6)select a2.a,a2.b,a2.c from decisample3 a2 union all select a1.a, '' as a1b,'' 
as a1c from decisample a1;

o/p:-
4.00
1.00    2       3
7.00    8       9

Steps 5 is yielding 18 trailing zeros where as step 6 query is yieldings no 
trailing  zero.

Observation:

1. Hive is trying to run the UNION ALL after ensuring the SELECT's are 
semantically same(equal number of columns and same datatypes).
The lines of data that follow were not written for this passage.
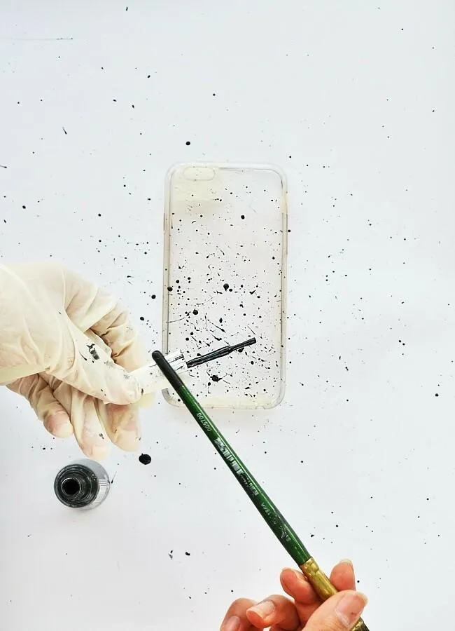 Крок 3. Знежирте поверхню ацетоном і нанесіть акрил тонким пензлем на силікон або пластик. Якщо ви обрали прозорий чохол, краще малювати його зсередини, використовуючи трафарет потрібного малюнку.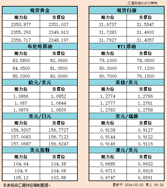 5月28日亚市支撑阻力:金银原油+美元指数等六大货币对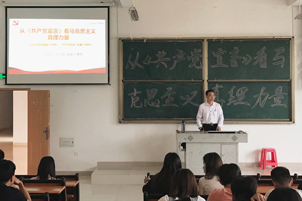 为纪念马克思诞辰200周年和《共产党宣言》发表170周年,6月7日下午,马克思主义学院院长张盛文教授为“习近平新时代中国特色社会主义思想读书社”全体师生共计160余人开设了一场题为《从< 共产党宣言>看马克思主义真理力量》的专题讲座。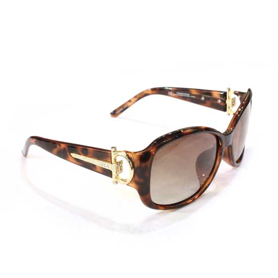 These fashionable ladies' sunglasses feature an amber-colored design. The stylish sunglasses feature an oval-shaped rim with polarized, anti-UV lenses. The golden-toned hardware on the temples is studded with tiny white stones for added appeal.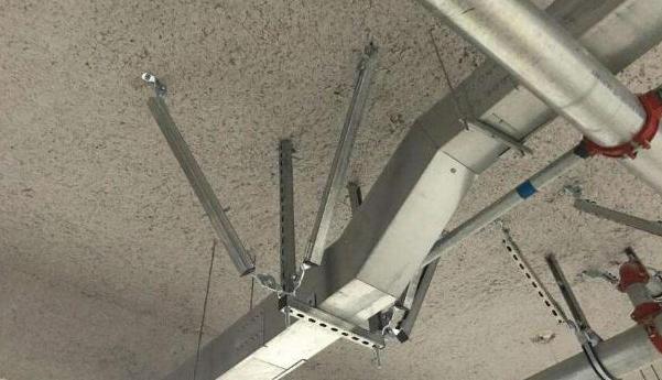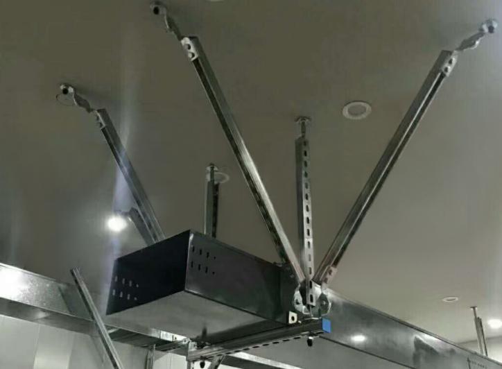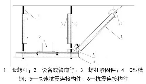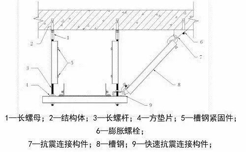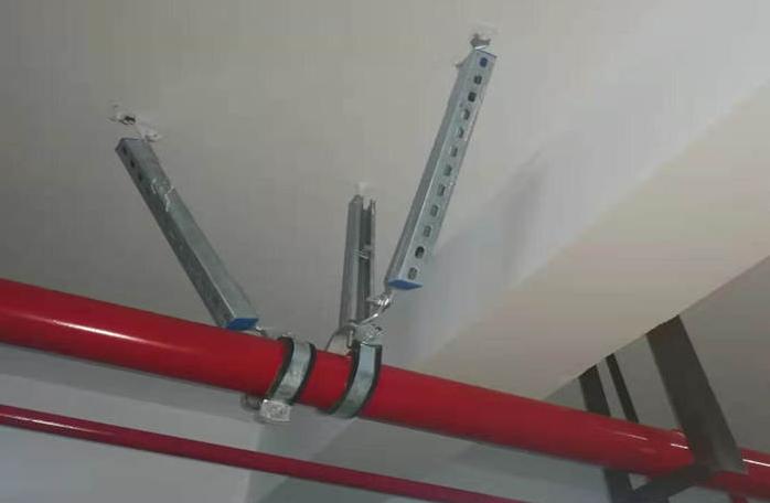 与建筑结构体牢固连接,以地震力为主要荷载的抗震支撑设施。由锚固体、加固吊杆、抗震连接构件及抗震斜撑组成。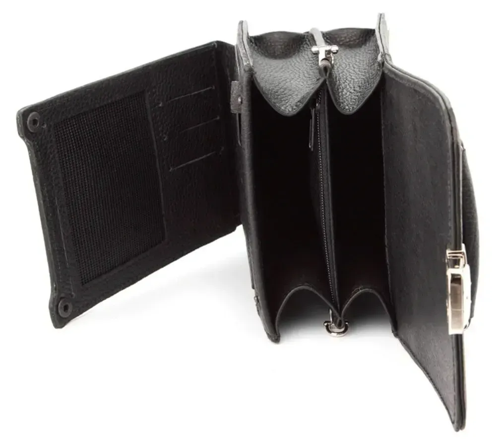 - под клапаном: 11 отделений для пластиковых карточек или визиток, отделение под сеточкой и карман на молнии.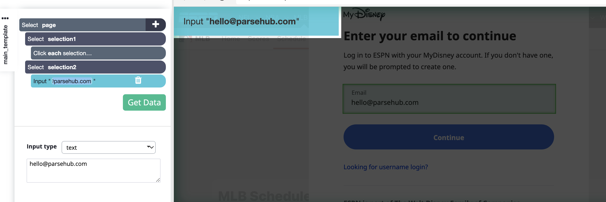 7. A new Input command will automatically appear. ParseHub recognizes when you are selecting a text box and will create this command for you. Type your email address into the Input command.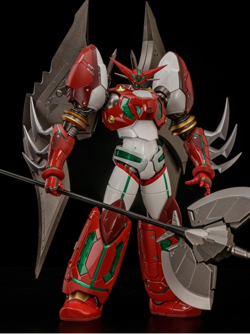25周年を迎えたOVA『真ゲッターロボ 世界最後の日』から、「真ゲッター1」が千値練のライオボットシリーズに再登場!ダイナミック企画の監修のもとデザインアレンジをケミカルアタックが担当した本フィギュア、圧倒的なボリューム感とアクション映えするマッシブでパワフルなデザインに!クリアパーツを多用し内部メカモールドを再現、さらに合金素材を使用した重量感は圧巻です。リニューアル版は全身フル塗装仕様に加え、新規造形の武器も追加。今回新規造形された超巨大なゲッタートマホーク、なんと変形し背中へ装備させウィングにもなるオリジナルギミックまで搭載!

To do this, it 
is implicitly type casting the values where required.

>From the explain plan, type casting is not consistent when done 2 different 
>ways:
a)  select-1  UNION ALL select-2 (Query-5 in above comment)
vs
b) select-2 UNION ALL select-2   (Query-6 in above comment)

Showing only the "expresssions" part of execution plans

Query-5:
========
..
..
Map Operator Tree:
          TableScan
            alias: a1
            Statistics: Num rows: 1 Data size: 11 Basic stats: COMPLETE Column 
stats: NONE
            Select Operator
              expressions: a (type: decimal(8,2)), '' (type: string), null 
(type: decimal(38,18))
              outputColumnNames: _col0, _col1, _col2
..
..
TableScan
            alias: a2
            Statistics: Num rows: 2 Data size: 22 Basic stats: COMPLETE Column 
stats: NONE
            Select Operator
              expressions: a (type: decimal(8,2)), UDFToString(b) (type: 
string), CAST( c AS decimal(38,18)) (type: decimal(38,18))


Query-6:
========
..
..
Map Operator Tree:
          TableScan
            alias: a2
            Statistics: Num rows: 2 Data size: 22 Basic stats: COMPLETE Column 
stats: NONE
            Select Operator
              expressions: a (type: decimal(8,2)), UDFToString(b) (type: 
string), UDFToString(c) (type: string)
..
..
TableScan
            alias: a1
            Statistics: Num rows: 1 Data size: 11 Basic stats: COMPLETE Column 
stats: NONE
            Select Operator
              expressions: a (type: decimal(8,2)), '' (type: string), '' (type: 
string)
..
..

Attaching the execution plans for both queries for reference.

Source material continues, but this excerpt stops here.